# CarPC Project is underway!



## BowDown (Sep 24, 2009)

I have decided to scrap my Samsung Q1 XP CarPC setup for a more factory navigation like installation.

Equipment:
-Mac Mini 1.66ghz w/10.6
-500GB USB2.0 Hard Drive for Media Storage
-Carnetix CNX-P1900 v2.2 Power Supply
-Music Fidelity V-Link A-SYNC Soundcard
-Lilliput 669GL-70NP/C/T-HB-RV High Brightness Screen
-JoyCon Steering Wheel Control Interface
-Logitech diNovo Mini Wireless Bluetooth Keyboard
-Avantree Cara: Bluetooth 4.0 Music Receiver with APT-X and Hands-Free Carkit
-miniDSP 4x10HD Processor


Main goal is for a factory look w/factory interfacing to the CarPC. It will be the primary source unit w/Bluetooth devices being secondary. I plan to use the mini's CD/DVD drive through the factory slot in the Ford Fusion Bezel. I also plan to re-purpose the orphaned stock button panel in the bezel through the joycon interface's extra channels for more physical button interaction and volume control. 

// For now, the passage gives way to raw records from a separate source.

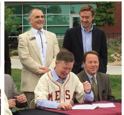
Colorado Rural Jump Start Bill Signing
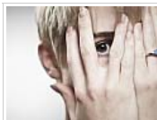
This new site makes it hard to hide your past from someone...
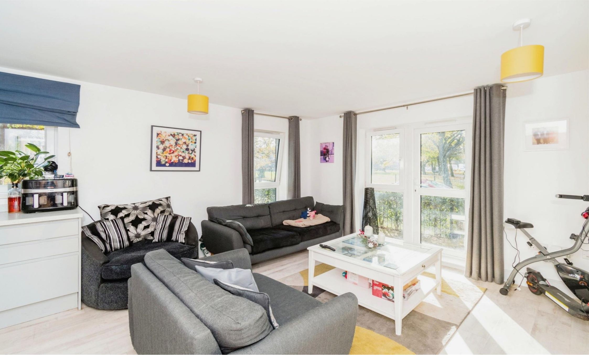
Hamilton House, Meridian Way, Southampton SO14 0FP
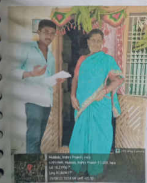
Mumbai, Andhra Pradesh, India 500004, Mumbai, Andhra Pradesh 520005, India Lat: 18.239417° Long: 81.869437° 23/08/21 10:02 AM GMT +05:30

I plan to use the miniDSP as the DSP for simplicity. I will have the ability to make changes to the tune via the mac mini, or through WiFi/VNC via an android tablet, or laptop.

I will attempt to document this process as I get time to work on it.

Goal to having everything done is 4/21/2013 as there is a local IASCA event I need to be ready for. 

All equipment has been acquired except the diNovo Bluetooth Keyboard. I do have a USB keyboard only I can use from the previous Q1 CarPC.


----------



## BowDown (Sep 24, 2009)

I am still researching GPS receivers and map applications for the mini. Any suggestions?


----------